# Barley Twist



## mrtree (28 Nov 2014)

Hi all, I have cut a couple of barley twists for a chair restoration project, that was a good few years ago & took an age  

I have another that I would like done. This time I would like to have someone do it for me using as copy lathe.

It is a double twist, that's probably not the right term. I will try & explain....there is the main twist cut from ,say, 40mm stock and running through this is a smaller twist almost as if a piece of string has been wound round....does that make ant sense?? :? :? :? 

Anyway, it is possibly above my pay grade to copy this by hand,  so I want someone to do it for me.

Does anyone know anyone who has the facility to copy this for me.

I have had a quote of £140 from a company but they weren't willing to guarantee that it would be an exact match. The piece is approx 600mm long.

Any advice is appreciated

Chris


----------



## Woodmonkey (28 Nov 2014)

I would think you would need to use a router lathe rather than a copy lathe?


----------



## CHJ (28 Nov 2014)

A picture of the form required would help visualize it.

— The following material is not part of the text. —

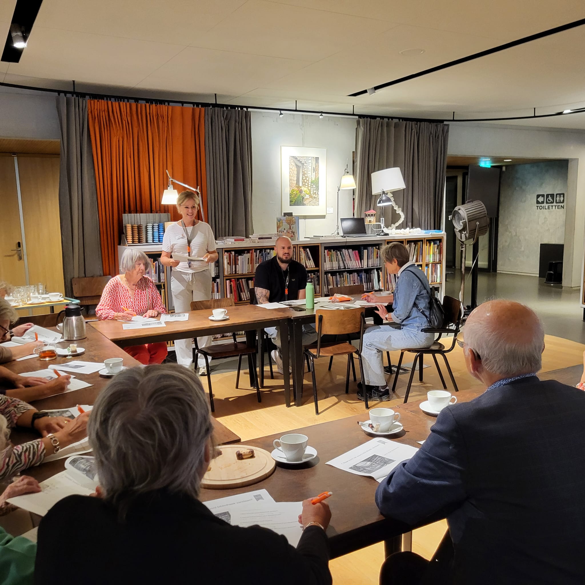 28 juli 2025 14:39Wij werden hartelijk ontvangen door Danny en Yvonne, die een leuk en informatief programma hadden samengesteld speciaal voor deze rondleiding. Theater De Bussel is verbouwd in 2015; de VVV is er gekomen en een prachtige bibliotheek met de uitstraling van een gezellige huiskamer. De rondleiding kon beginnen na al veel informatie over Theek 5 te hebben gekregen. Er staat o.a. een tafel met boeken die uitgekozen zijn door lezers. Men kan een tip geven wat je een goed boek vindt. Dit wordt eerst gecheckt door de medewerkers voordat het op de tafel komt. Iedereen die een boek interessant vindt mag dat kenbaar maken. Daarna kwamen wij bij het systeem van uitleen waar een technisch snufje in de tafel zit waar je je boeken op legt en de boeken registreert die men wil lenen. Mocht het zijn dat je een boek vergeten bent op tijd in te leveren, blokkeert het pasje en kun je op dat moment niets meenemen. De medewerkers zijn erg flexibel en begrijpend, een luisterend oor en het wordt opgelost. Wij zijn ook in een niet openbare ruimte geweest waar de ingeleverde boeken terecht komen op een lopende band en gesorteerd worden. Ook daar weer veel informatie en er werden veel vragen gesteld. Als je lid bent is er ook een online bibliotheek en men heeft dan ook toegang tot digitale tijdschriften. Wij kregen informatie over de digitale overheid, cursussen te veel om op te noemen. (voor deze informatie hoeft men overigens geen lid te zijn). Je kan binnenlopen als je vragen hebt over je telefoon, tablet etc. en de medewerkers helpen je graag en anders verwijzen ze je naar een speciaal spreekuur. Na gezellig koffie gedronken te hebben met versnapering werd de groep opgesplitst om het escapekofferspel te spelen, je kreeg hiervoor een kwartier, het was leuk en leerzaam. De bedoeling bleek achteraf om te voelen wat mensen met dyslexie ervaren. Daarna nog een quiz met vragen over Theek 5. De tijd vloog om want intussen was het al later geworden dan gepland. Met veel nieuwe informatie keerde iedereen weer huiswaarts na Danny en Yvonne bedankt te hebben voor dit leuke programma.

Richard Findley of this Parish is your man for one or two off speciality twist turnings if they are sensibly possible without CNC.


----------



## mrtree (28 Nov 2014)

Woodmonkey":1l6lilo3 said:


> I would think you would need to use a router lathe rather than a copy lathe?



Ah, yes, that's the one!!



CHJ":1l6lilo3 said:


> A picture of the form required would help visualize it.



I'll post one later when I get home.


----------



## mrtree (29 Nov 2014)

This is the piece I'm trying to copy


----------



## dickm (29 Nov 2014)

That's going to be a beast to do with power tools!


----------



## Richard Findley (29 Nov 2014)

I don't think this could be done on a copy lathe, it looks like a hand turning job to me. I'd be happy to look at it for you, although I notice you are in Hampshire, the home of the twist master, Stuart Mortimer (Google for details)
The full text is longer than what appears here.